Reading Tabular Data into arrays
Overview
Teaching: 20 min
Exercises: 0 minQuestions
How can I read tabular data?
How can I save tabular data?
Objectives
Import the numpy library.
Use numpy to load a simple CSV data set.
Get some basic information about a numpy array.
Use the Numpy package to load data using the loadtxt
command
- Numpy provides the function loadtxt to read and parse numeric data from a text file.
- The file can be delimited with commas (a ‘comma separated file’), tabs, or other common delimiters
- Numerical data can be converted to floating point data or integers
- Headers and comments can be ignored during the reading of the file.
import numpy
data = numpy.loadtxt('data/galileo_flat.empty')
print(data)
[[1500. 1000.]
[1340. 828.]
[1328. 800.]
[1172. 600.]
[ 800. 300.]]
Read a comma separated file of data with headers
- If you have a delimiter in your file (a comma, tab, vertical line), specify that with the
delimiter
keyword. - If you use a comment character consistently, using the
comments
keyword. - If you have a header you want to skip, use
skiprows
data = numpy.loadtxt('data/galileo_flat.csv', comments="#", skiprows=2, delimiter=',')
print(data)
[[1500. 1000.]
[1340. 828.]
[1328. 800.]
[1172. 600.]
[ 800. 300.]]
Remember your data has the shape ROWS X COLUMNS
- Your data will be shaped with the rows first.
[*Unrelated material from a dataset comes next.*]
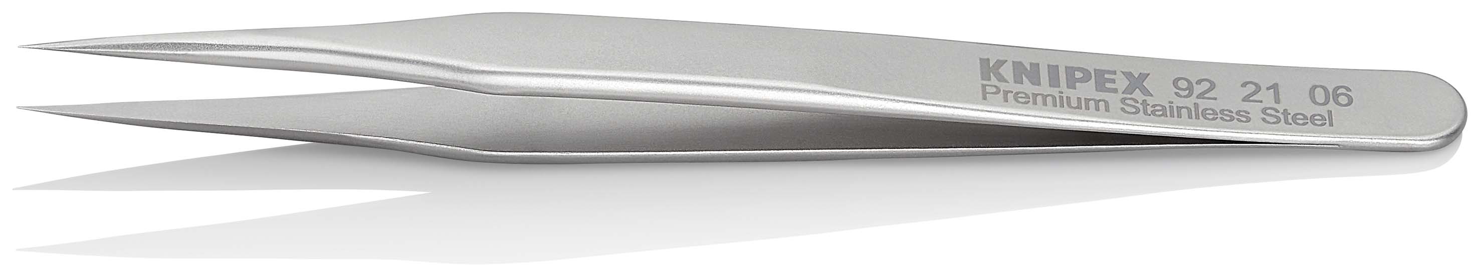 Mini-precisie-pincet voor bijzonder veeleisend, fijn werk: zeer corrosiebestendig en duurzaam. Handgemaakt: met gepolijste randen en een uitstekend mat, krasvrij en spiegelvrij oppervlak. voor de elektronicabranche, horlocomforters, juweliers en laboratoria voor biologische en medische toepassingen in matig agressieve chemische omgevingen. Hoogwaardig premium roestvrij staal: hoge temperatuurbestendigheid en uitstekende corrosiebestendigheid tegen de meeste chemicaliën, zouten en zuren Ideaal voor werken in kleine ruimtes, onder de microscoop en voor precisiewerk op korte afstand. Uitermate geschikt voor het hanteren van monsters, microscopievoorbereiding, sortering, precisieproductie, elektronische assemblage, nabewerking en reparatie. - Oppervlak: gematteerd - uitvoering: rechte - Puntbreedte (A): 0,08 mm - Puntbreedte (B): 0,13 mm - uitvoering pincetpunt: naaldspits - Corrosiebestendig: ja - ESD-getest: nee - VDE-gekeurd: nee - Branches: Industrie Elektronika - Magnetisch: niet-magnetiseerbaar (80%).

- You can change the order with
transpose
print("data shape is ",data.shape)
data shape is (5, 2)
Split the data into variables using unpack
- You can split data using the
unpack
keyword
D,H = numpy.loadtxt('data/galileo_flat.csv', comments="#", skiprows=2, delimiter=',',unpack=True)
print(D,H)
print("D shape is ",D.shape)
print("H shape is ",H.shape)
[1500. 1340. 1328. 1172. 800.] [1000. 828. 800. 600. 300.]
D shape is (5,)
H shape is (5,)
- You can split data after loading too
data = numpy.loadtxt('data/galileo_flat.csv', comments="#", skiprows=2, delimiter=',')
D,H = data.T
print(D,H)
print("D shape is ",D.shape)
print("H shape is ",H.shape)
[1500. 1340. 1328. 1172. 800.] [1000. 828. 800. 600. 300.]
D shape is (5,)
H shape is (5,)
Save data with numpy.savetxt
Saving text data is made possible with the savetxt
command. It mirrors the loadtxt
command
numpy.savetxt("data/mydata.txt", data, delimiter=',')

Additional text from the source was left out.